G: You really need psychology. I like saying that first of all they are humans as all of us. What they have isa different, very strong creative flair. They know what they want to communicate and, sometimes, even what they want to wear. My job is just to try to act like a psychologist. Obviously if I just stand out I would never manage to make the right trait d’union. However I can suggest them. They teach me something and viceversa. In this way we create a friendship that for me is fundamental. I could never have a collaboration with an artist with whom there is no feeling. When there’s no harmony things are terrible.
F: So are they all tailor made pieces?
G: Almost all of them. For example I usually create for my clients also classical suits to wear during meetings or dresses for special occasions, but always enriching them with a little charming detail. I like the concept of tailor made, once I sell a piece I never recreate it, also because I’m already thinking about other 25 clothes to make… My atelier is a hotbed, a salon where every time, every week, every ten days there’s something going out and something new getting in.
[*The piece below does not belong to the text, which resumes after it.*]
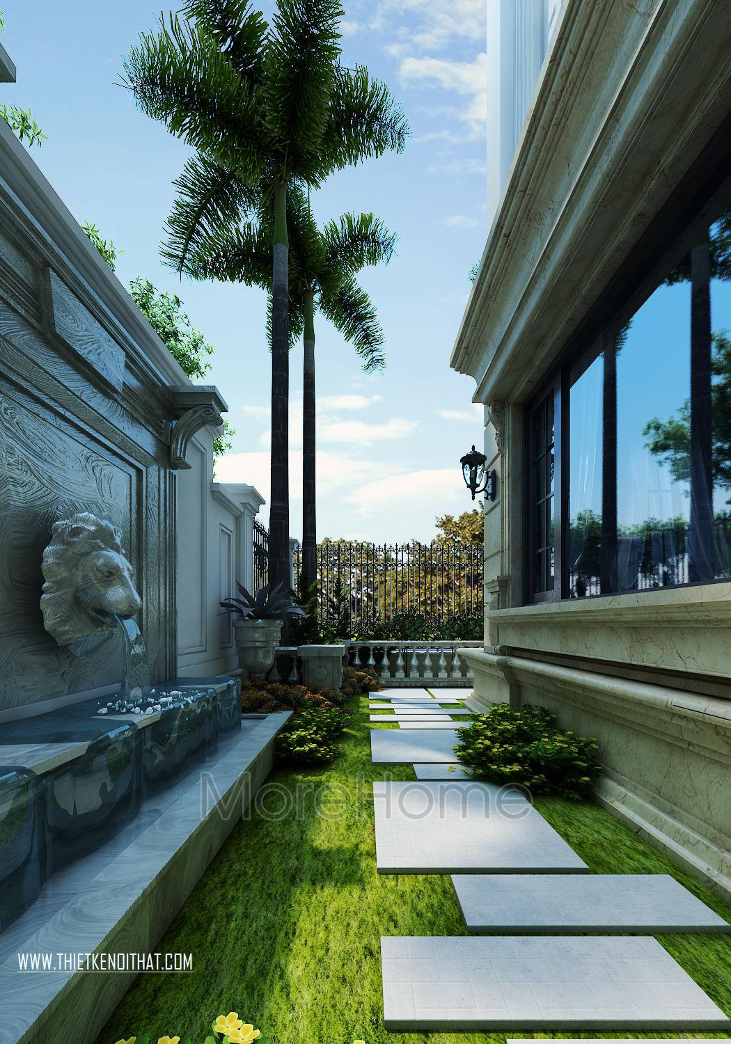Đây là một mẫu thiết kế biệt thự đẹp, có kiến trúc vô cùng độc đáo và khác biệt. Lối đi được trồng cỏ nhật và hoa, lát những viên đá lớn mài nhẵn bề mặt. Bức tường không còn đơn điệu mà được trang trí họa tiết đầu sư tử rất uy nghi, miệng phun nước, giống như một bức tranh.
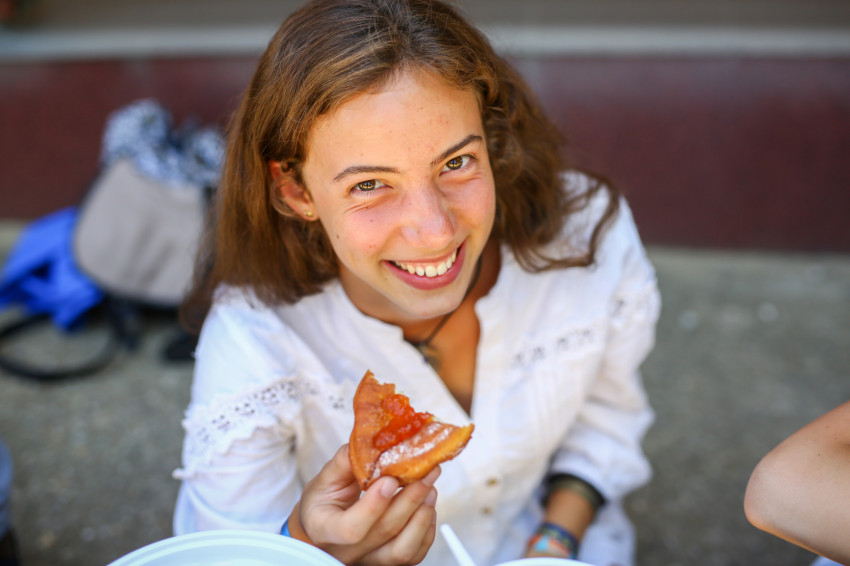 A zarándokok aztán átmentek a szállásra, az ófehértói általános iskolába, ahol bablevest és fánkot ebédeltek. Miközben kígyózott az iskola folyosóján a sor, a napfényes udvaron Hoskó Imola, a „zöldek” csoportvezetője elmondta, ez már a tizennegyedik zarándoklata. Az első alkalmakon főleg az tetszett neki, hogy mindenki szívből, imádságosan énekelt. Imola tizenéves korától kántor. Megtisztelő számára ebben a szolgálatban megélni, hogy a fiatalok lelkét felemelheti Istenhez a liturgikus énekek által. „Minden reggel van utrenye fél 7-kor. Tegnap 5 órakor volt, mégis sokan eljöttek rá. Esténként vecsernyét imádkozunk, napközben pedig imaórát. Ha beérünk egy községbe vagy városba, Mária-énekeket énekelünk, hiszen az Istenszülő felé tartunk.”

F: In this way it’s easy to create a kind of personal and exclusive capsule collection. Does it happen that someone ask you to realise a whole wardrobe?
G: Yes absolutely. Some Arabic princesses asked me that. I made for them entirely hand embroidered dresses, even using precious materials like white gold and diamonds.
F: When did you open your first atelier?
G: We opened the first atelier in 2010, in Via Ponte Vetero, in Brera, and then have moved to Via dell’Orso, in the same district, since five years. Now we have two windows on the street, just perfect for a better exposure. Also the random passage is important!
F: Has someone ever asked you a garment just like the one worn by an artist during a performance or a public appearance?
G: Yes. However in most cases the clothes I create for artists are really unique pieces and I never make them again. They in fact not only represent the artist but also his personality and above all the particular message he wanted to communicate in that moment. If someone likes a certain piece worn by a star in atelier he will find other ten ones as much beautiful that narrate similar worlds. Then I think that it could become a kind of fetish having for example the same jacket worn by Loredana Berté. On the other side, we made some charity actions: for example with Patty Pravo and Emergency we made an auction with some jackets exclusively designed for the Italian singer, but in that particular occasion the aim was different.
F: Is it different dressing up a rockstar, a stage person and ordinary people?
G: Everyone is a unique person, with a own personality and story. The different between real world and showbiz is the stage and this determines particular technical needs. But at a psychological level I see no differences.
F: Is it true that in showbiz there exist forbidden colors? I’m thinking about purple…
G: They’re just personal superstitions. Someone doesn’t care about it, someone is more worried. There’s no rule. For example, I realised for Patty a piece using a blue textile enriched by purple shades.
F: Are there telegenic, photogenic clothes and other ones that are not so charming seen throughout TV or photographic lenses
G: Absolutely! I work also in theatre.This is a very separate world. Here you have to think that the piece won’t be seen at 50 cm distance and you’re not in a movie where the camera can zoom on details showing a precious embroidery. In theatre the first seats are at a minimum of 30 metres distance so it’s useless making millimetric embellishments. No one will appreciate them.
F: Has it ever happen that an artist wanted clothe specifically thought for a song?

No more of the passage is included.